Prerequisite: Download Porter6 datasets

To download the curated Porter6 datasets used by this recipe, run:

python data/prepare_porter6_dataset.py

This script downloads and prepares Parquet files under data/:

data/porter6_train_dataset_55k.parquet: training dataset used for LoRA fine-tuning examples.
data/porter6_val_dataset_2024_692.parquet: validation/benchmark split used for evaluation.

These files are used by the default Hydra configs in this recipe. For dataset provenance and additional options, see the Datasets section below.

Commands to Launch LoRA Fine-tuning

To run single-process training on one GPU, run:

python train_lora_ddp.py

To run multi-process training locally on 2+ GPUs, run (e.g. 2 GPUs):

torchrun --nproc_per_node=2 train_lora_ddp.py

Sequence Packing (THD input format)

Sequence packing is handled via the DataCollatorWithFlattening collator from the HuggingFace transformers library that provides input arguments (e.g. cu_seq_lens_q) needed for padding-free attention. To enable sequence packing, set use_sequence_packing=true in the hydra configuration.

python train_lora_ddp.py --config-name L0_sanity use_sequence_packing=true

Running Inference

Use infer.py for inference. By default it uses hydra_config/L0_sanity_infer.yaml and reads sequences from data/input_infer.fasta (see hydra_config/defaults_infer.yaml).

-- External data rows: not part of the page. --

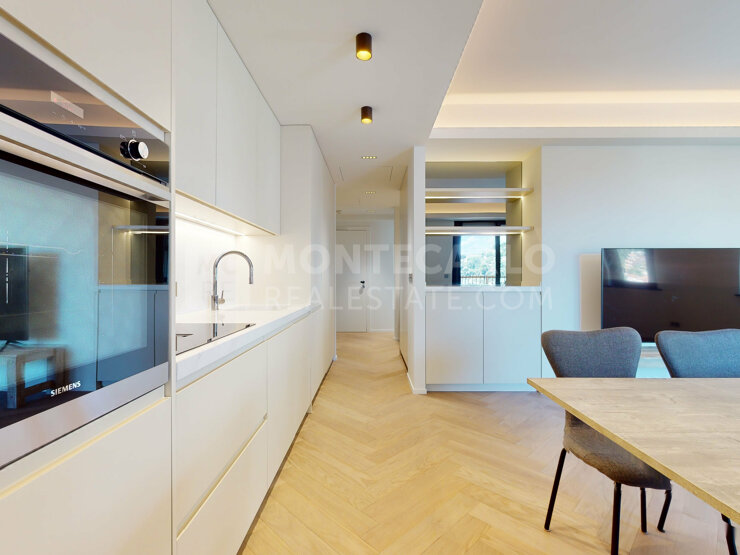 Somptueux deux pièces entièrement rénové avec des matériaux de haute qualité et des finitions raffinées. Il offre une entrée avec un couloir orné d'un espace bureau et de rangements sur mesure, s'ouvrant sur un somptueux séjour agrémenté d'une cuisine ouverte entièrement équipée. La chambre, avec sa luxueuse salle de bains attenante et son dressing sur mesure, offre un confort absolu. Une vaste terrasse dévoile une vue imprenable sur la mer et les majestueuses montagnes environnantes.
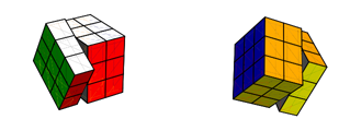 위의 그림은 루빅스 큐브를 푼 그림이다. 왼쪽 면은 시계방향으로 조금 돌려져 있는 상태이다.
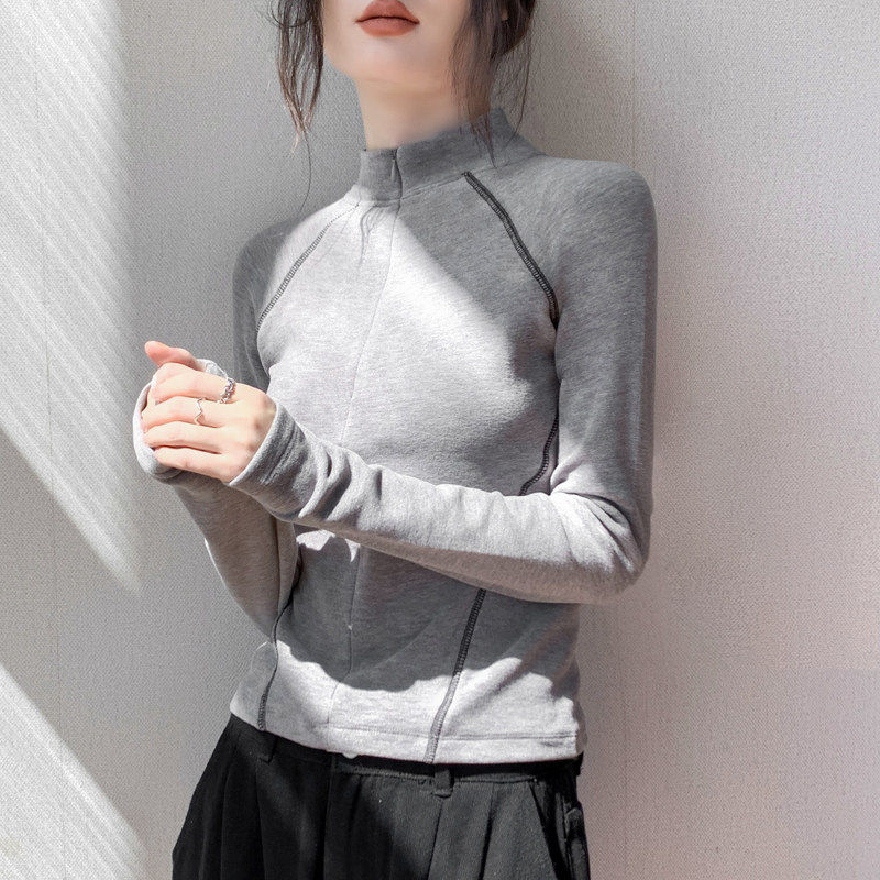 双面德绒无帽卫衣女内搭秋冬新款加绒保暖拉链门襟半高领白色上衣
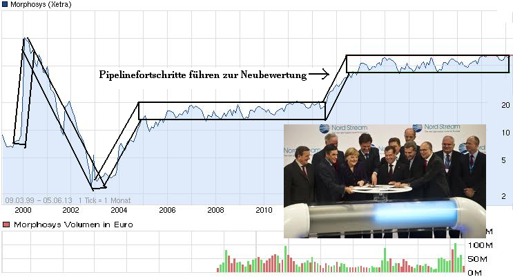 Ein führendes Partnerprojekt ist Gantenerumab von Roche gegen Alzheimer. Bei positiver Zwischenauswertung kann alleine dieses Programm weitere satte Kurssprünge auslösen. Weitere fortgeschrittene Projekte mit Chancen auf P3-Studien in den nächsten 2 Jahren sind vor allem BPS804, BYM338 und LFG316 von Novartis sowie CNTO1959 von Johnson&Johnson. Die Chancen hier einzeln zu besprechen würde den Rahmen bei weitem sprengen, aber klar ist eines: Aus diesen und vielen weiteren Programmen ist in den nächsten 2 Jahren eine Menge an klinischen Daten und Entscheidungen zu erwarten, mit entsprechendem Einfluss auf den Morphosys-Kurs."
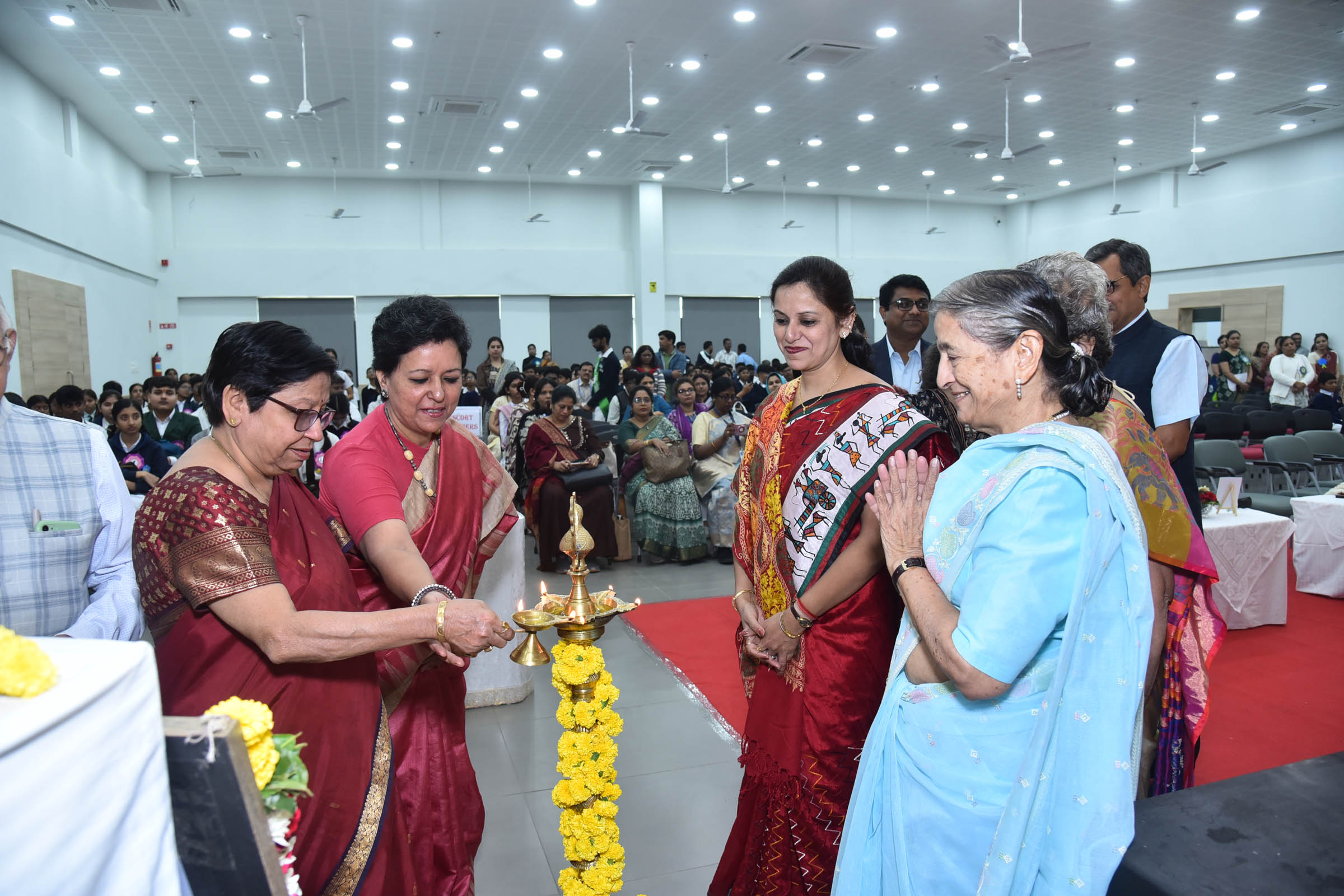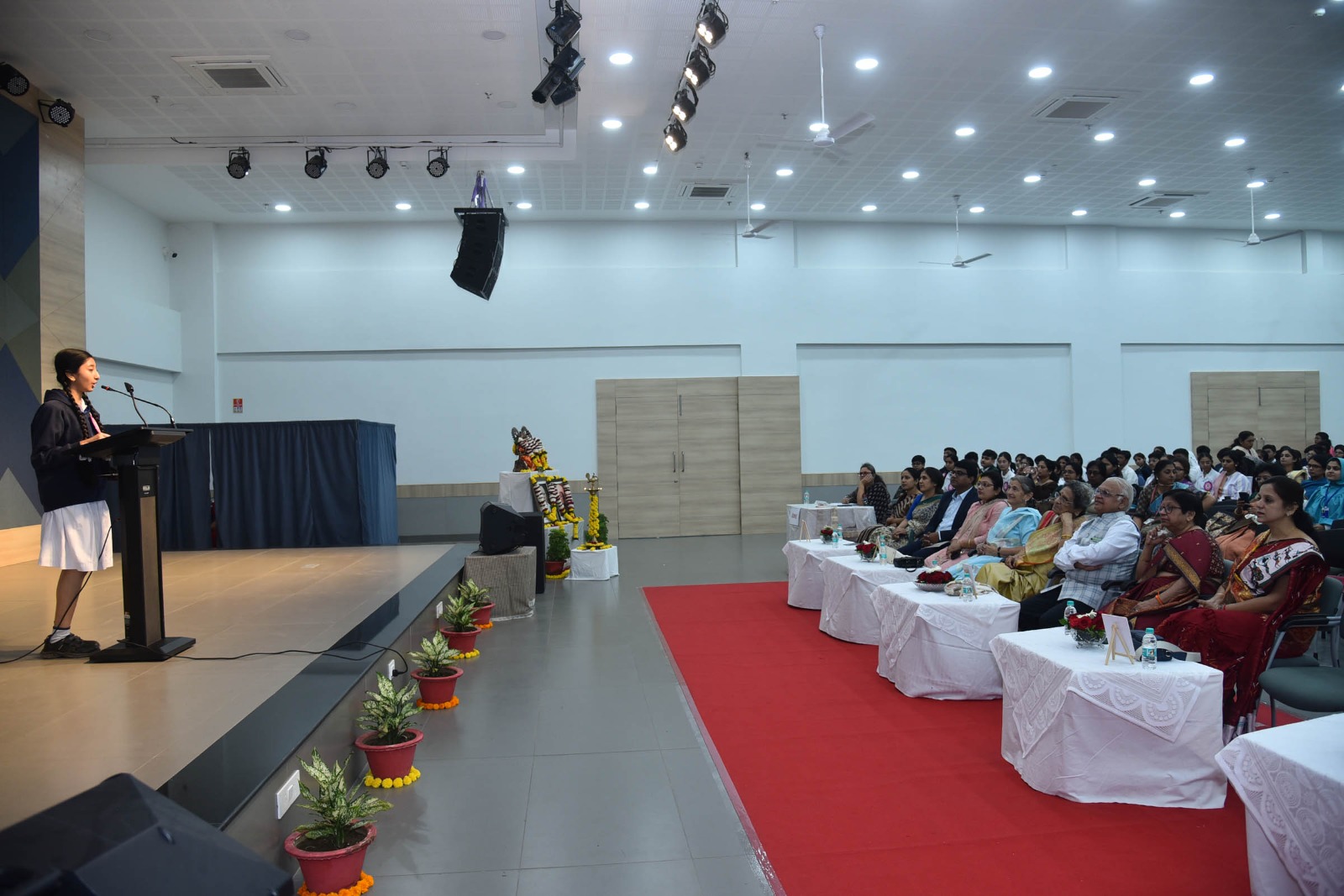 “Good, better, best. Never let it rest. 'Till your good is better and your better is best.” with these golden words Smt. Padmini Jog honourable chief guest elucidated various genre of efforts and struggles. The esteemed chief guest sang a beautiful aarti (devotional song) which expresses deep reverence and respect for Bharat Mata (Mother India). It is sung in praise of the beauty, greatness, and diversity of India.
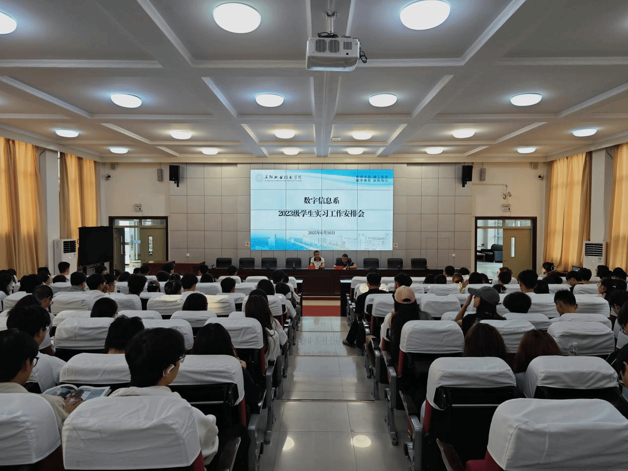 为推进岗位实习规范化管理,数字信息系于6月16日晚在北阶梯教室召开实习工作安排会。系主任付涛、副主任牛涛及2023级全体学生参加。
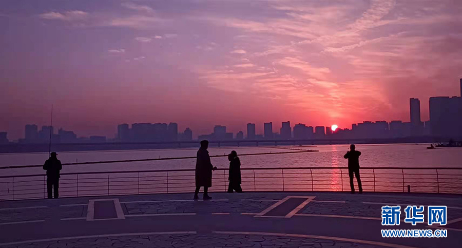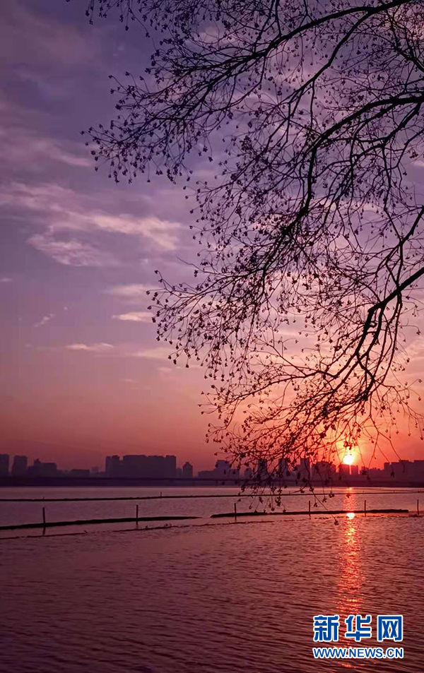 沙湖位于武汉市武昌区,是武汉市面积位居前列的“城中湖”。近年来经过治理,沙湖水质日益好转,环境逐步改善,成为市民休闲娱乐好去处。近日,武汉市天气晴好,夕阳之下,落霞满天,与湖水相互辉映,吸引市民纷纷拍照。新华网发 李海贵摄
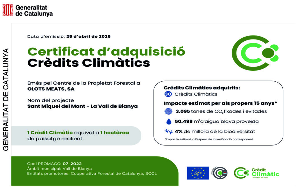 El Centro de la Propiedad Forestal (CPF), adscrito al Departamento de Agricultura, Ganadería, Pesca y Alimentación de la Generalidad de Cataluña, acaba de entregar a Olot Meats, S.A., el certificado de adquisición de Créditos Climáticos, una vez terminados los trabajos del Proyecto de Mitigación y Adaptación al Cambio Climático ( Por estos trabajos, ejecutados en dos fases por la Cooperativa Forestal de Cataluña, con el apoyo del Consorcio Forestal de Cataluña, durante los últimos dos años, Olot Meats ha obtenido un total de 30 Créditos Climáticos, uno por cada hectárea intervenida de paisaje resiliente. El certificado acredita que la acción promovida y financiada por Olot Meats se ha adecuado a los objetivos inicialmente previstos, y que ha contribuido a la fijación de más de 3.000 toneladas de CO₂, a la obtención de más de 50.000 m3 de agua azul ya la mejora de la capacidad de acoger biodiversidad.
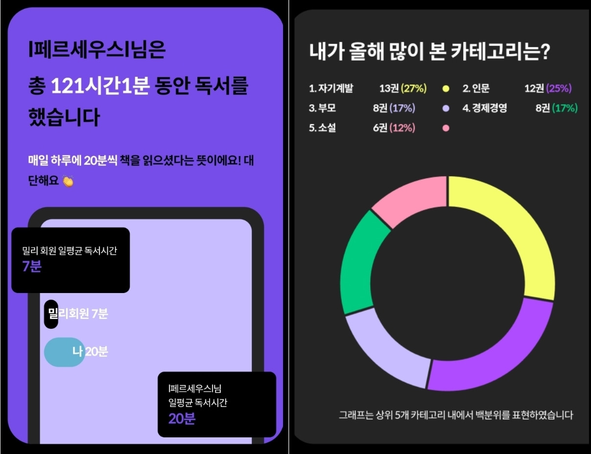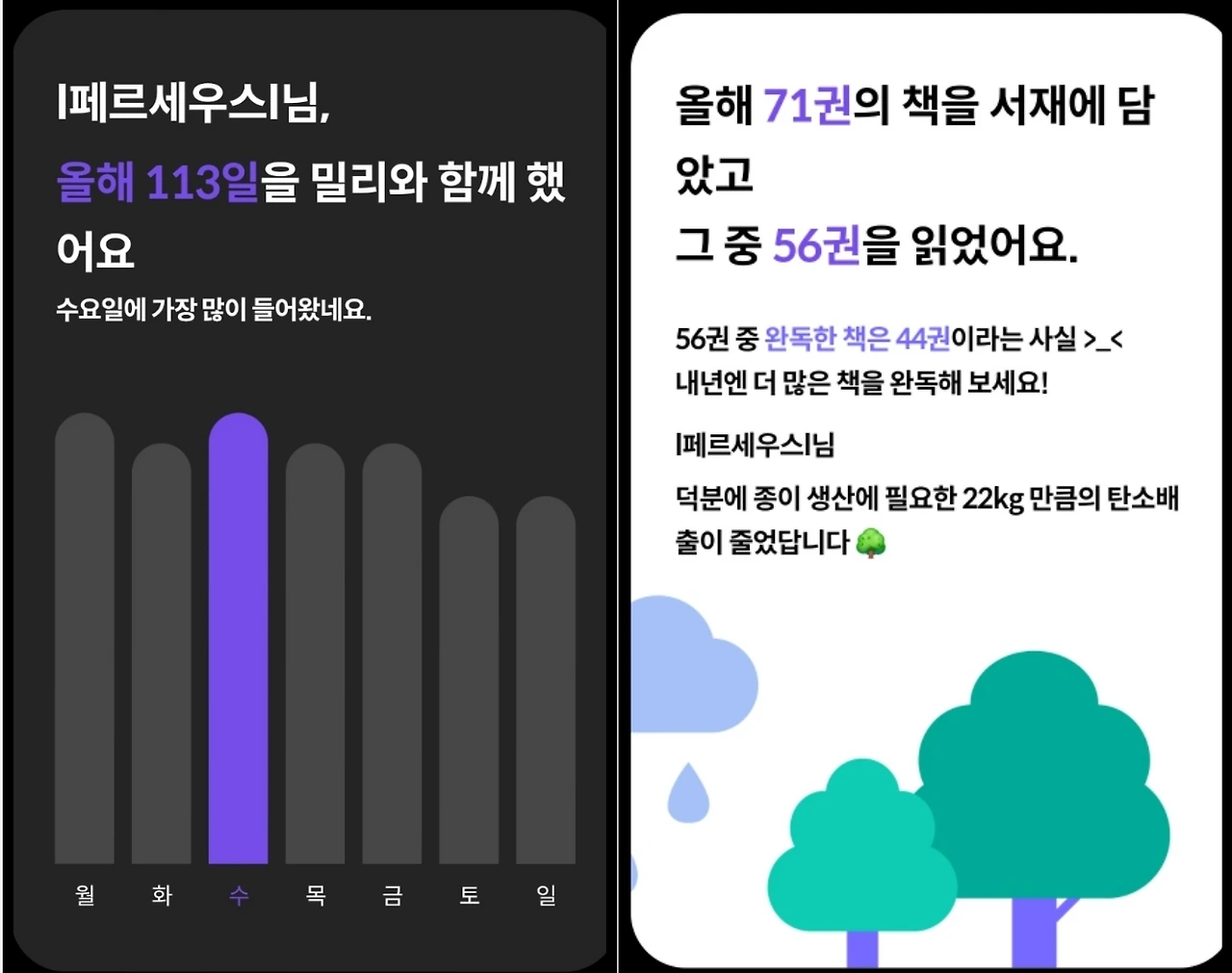 이 아닐까 싶기도 합니다. 밀리의 서재에서도 올해 10월까지의 결산을 해서 사용자들에게 공유를 해
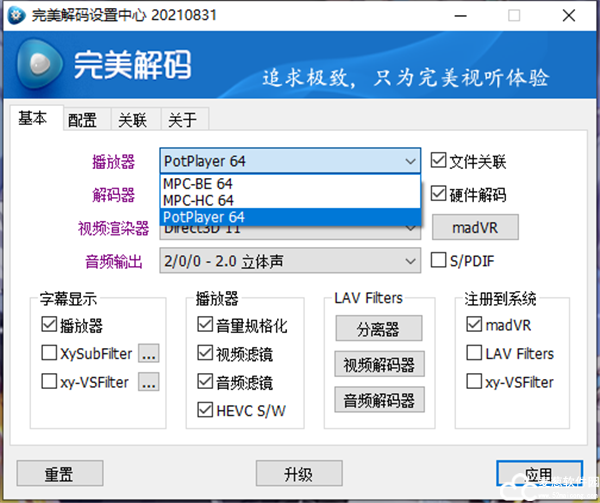 完美解码的播放质量是PotPlayer所无法比拟的。软件本身自带MPC-BE、MPC-HC播放器、高画质渲染器madVR,对于超高画质的电影、纪录片等都可以做到完美呈现。
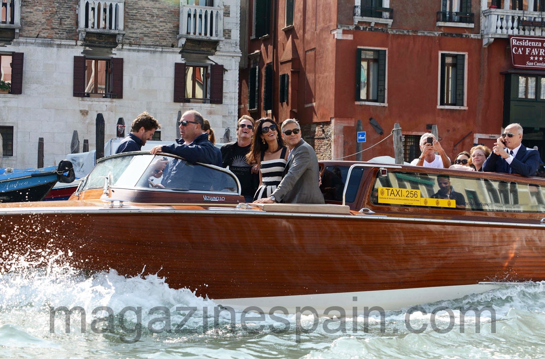 George-Clooney y Amal Alamuddin llegan a Venecia, 24 horas antes de su enlace matrimonial.

Inference requires a LoRA fine-tuned checkpoint directory from training. A typical workflow is:

Pick a training config (for example hydra_config/L0_sanity.yaml) and set checkpoint.ckpt_dir (for example, nv_esm2_t6_8M_UR50D_peft_checkpoint. The final model will be saved in nv_esm2_t6_8M_UR50D_peft_checkpoint/train_ddp/final_model).
Run training: python train_lora_ddp.py --config-dir hydra_config --config-name L0_sanity
In your inference config (for example hydra_config/L0_sanity_infer.yaml), set base_model_config_dir to the same <checkpoint.ckpt_dir>/train_ddp/final_model from step 1.
Run inference:

python infer.py

You can override the most common settings from the command line:

input_file: FASTA input (default: data/input_infer.fasta)
output_file: Where to write predictions (CSV). If null, results print to stdout (default: preds.csv)
model_tag: Base ESM-2 HF model to load (default: nvidia/esm2_t6_8M_UR50D)
base_model_config_dir: Directory containing the fine-tuned model config
peft_model_config_dir: Directory containing the LoRA adapter weights/config (defaults to base_model_config_dir)

Examples:

# Run on a different FASTA file and write a CSV
python infer.py input_file=/path/to/inputs.fasta output_file=preds.csv

# Point to your own LoRA fine-tuned checkpoint directory
python infer.py base_model_config_dir=/path/to/my_peft_checkpoint peft_model_config_dir=/path/to/my_peft_checkpoint

Datasets

This recipe includes small and medium-sized datasets in data/ so you can get started quickly without downloading anything.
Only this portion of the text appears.